TASK: The material below should be copied line for line, please, with pictures omitted.

INFORMATION PROVIDED:
════════════════
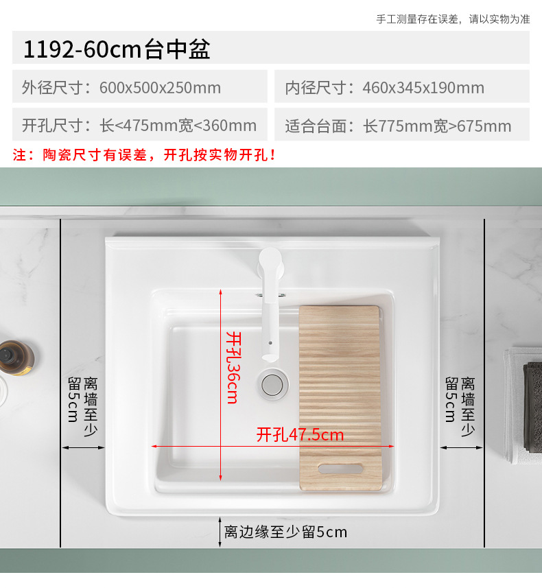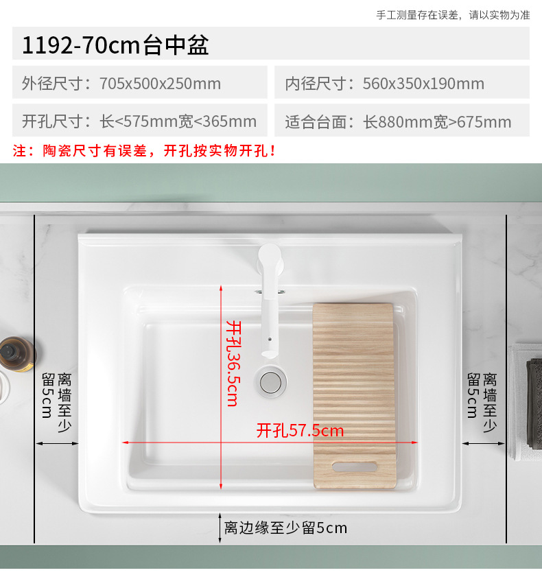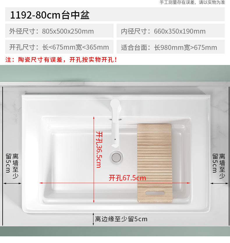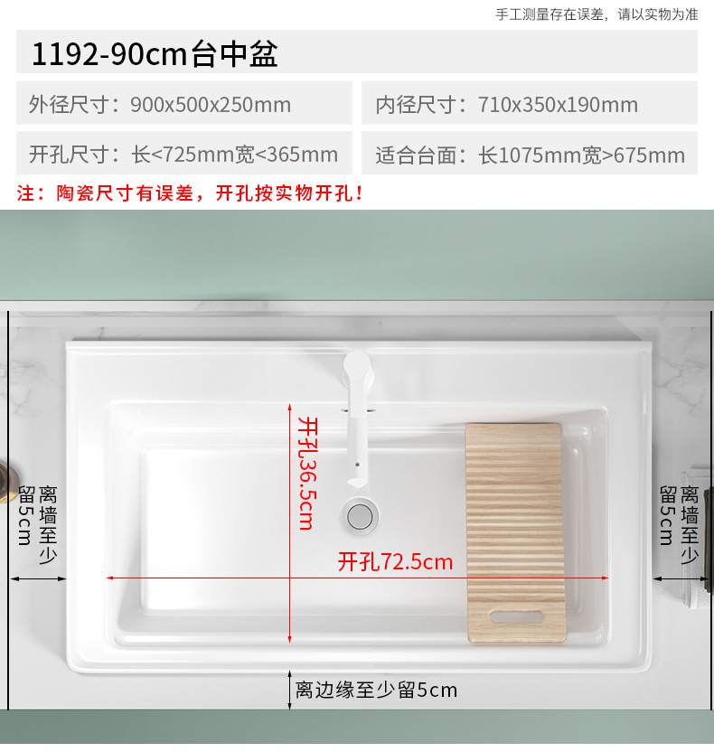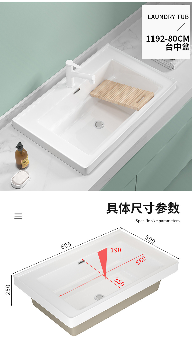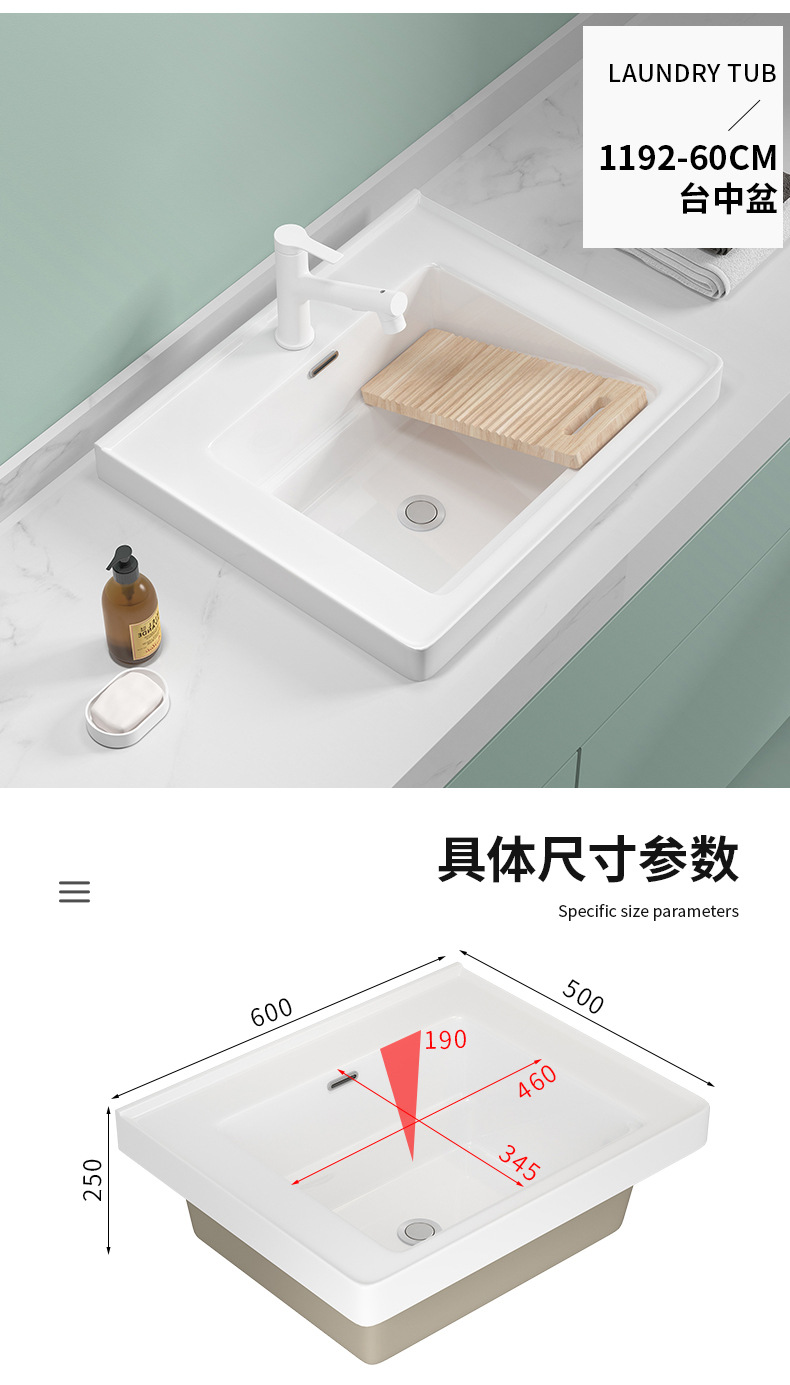 lavabo de balcón lavabo de ranura profunda tablero de lavabo cerámico semicrustado integral lavabo de mano único tablero de lavabo doméstico con tablero de fricción
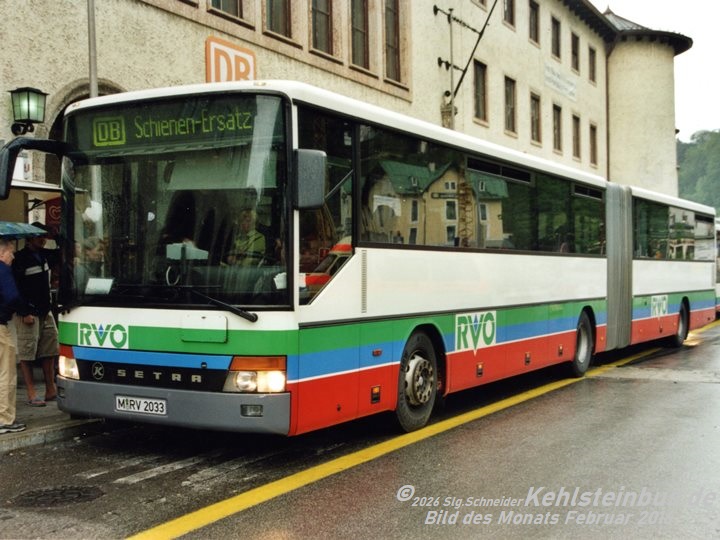 Immer wieder kommen in Berchtesgaden auch Gelenkzüge, hier allerdings nicht im Liniendienst, sondern im SEV (Schienenersatzverkehr) zum Einsatz. Dieser schöne, 1998 gebaute, Setra SG 321 UL war in Traunstein beheimatet und steht hier direkt vor dem Hauptbahnhof.
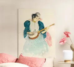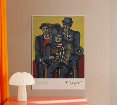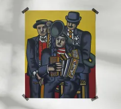 I musicisti sono raffigurati mentre suonano vari strumenti con uno stile dinamico e astratto. I colori pastello si fondono intorno alle figure, creando un'atmosfera vivace ed energica.
════════════════
REPLY TO THE TASK:
 lavabo de balcón lavabo de ranura profunda tablero de lavabo cerámico semicrustado integral lavabo de mano único tablero de lavabo doméstico con tablero de fricción
 Immer wieder kommen in Berchtesgaden auch Gelenkzüge, hier allerdings nicht im Liniendienst, sondern im SEV (Schienenersatzverkehr) zum Einsatz. Dieser schöne, 1998 gebaute, Setra SG 321 UL war in Traunstein beheimatet und steht hier direkt vor dem Hauptbahnhof.
 I musicisti sono raffigurati mentre suonano vari strumenti con uno stile dinamico e astratto. I colori pastello si fondono intorno alle figure, creando un'atmosfera vivace ed energica.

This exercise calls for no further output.